Шрифт:
Закладка:
И здесь мы подходим к вопросу, который немало смущал многих исследователей творчества Языкова. Скажем, в предисловии к языковскому томику в малой серии «Библиотеки поэта» (автор предисловия К. Бухмейер) это недоумение выражено так: «[В дерптский период] …Языков наряду с патриотическими стихами, прославляющими прошлое родины, создает и ряд произведений, героизирующих и идеализирующих врагов России – ливонских рыцарей-завоевателей («Ливония», «Ала», «Меченосец Аран»)», – у других авторов исследований и воспоминаний мы можем найти то же самое, но более многословно и порой более размыто. А здесь суть проблемы схвачена так, что ни убавить ни прибавить.

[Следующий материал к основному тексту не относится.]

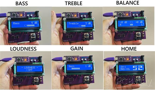 The user interface is smooth and works well with encoder. The menu screen has different options related to volume, treble, bass and gain. All of this can be switched using the encoder button and select the further operation by rotating. See all the screens here:

Неужели Языков увлекся «Немчизной», как он прозвал Дерпт, настолько, что в определенный момент готов был «родину предать»? Нет, дело было совсем в другом – и искус, который предстояло (и суждено) было преодолеть Языкову был совсем иного свойства. Глубже и коварнее, чем «Сегодня парень любит джаз, А завтра родину продаст» (вместо «джаз» подставляйте Гете и Шиллера, немецкую философию, немецкую систему образования – что угодно).
Давайте для начала представим себе такую общую картину – простую и наглядную, действительную во все времена.
В студенческий круг прибывает новый сотоварищ – наивный, восторженный, счастливый тем, что на скромное содержание будет вести жизнь бедного честного студента и всего себя посвятит образованию. Да еще и внешность у него соответствующая: низенький, толстенький, румяный, курносый. Добавьте, что профессора к нему заранее благоволят и почему-то носятся с ним как с писаной торбой. Сам ректор (Эверс, в данном случае) интересуется состоянием его дел. Будет ли чваниться? Нет, он не чванится, совсем напротив, на удивление скромно себя держит, до неловкой стеснительности. Заботу о себе воспринимая как должное, он со всей доверчивостью, с неистребимой верой, что мир вокруг прекрасен и люди в нем прекрасны, всегда душой нараспашку к новым приятелям. Наверно, сразу же в анекдот входит, как он на вопрос о финансах (вопрос чуть не первой важности для каждого студента) ответил: «О, я надеюсь прожить нормально, хотя семья мне специально очень мало положила, всего шесть тысяч в год, и не серебром, а ассигнациями, чтобы я ничем не выделялся и был как все…» Это при том, что его однокашники живут на суммы в десять раз меньшие!
Разумеется, такого богатенького простофилю («буратину», «лоха», «зеленорогого», «дойную коровку»… – какие еще там есть синонимы в разговорных жаргонах разных времен и народов?) надо и «раскрутить», и «выставить», и «подоить» – все это, разумеется, по полной программе.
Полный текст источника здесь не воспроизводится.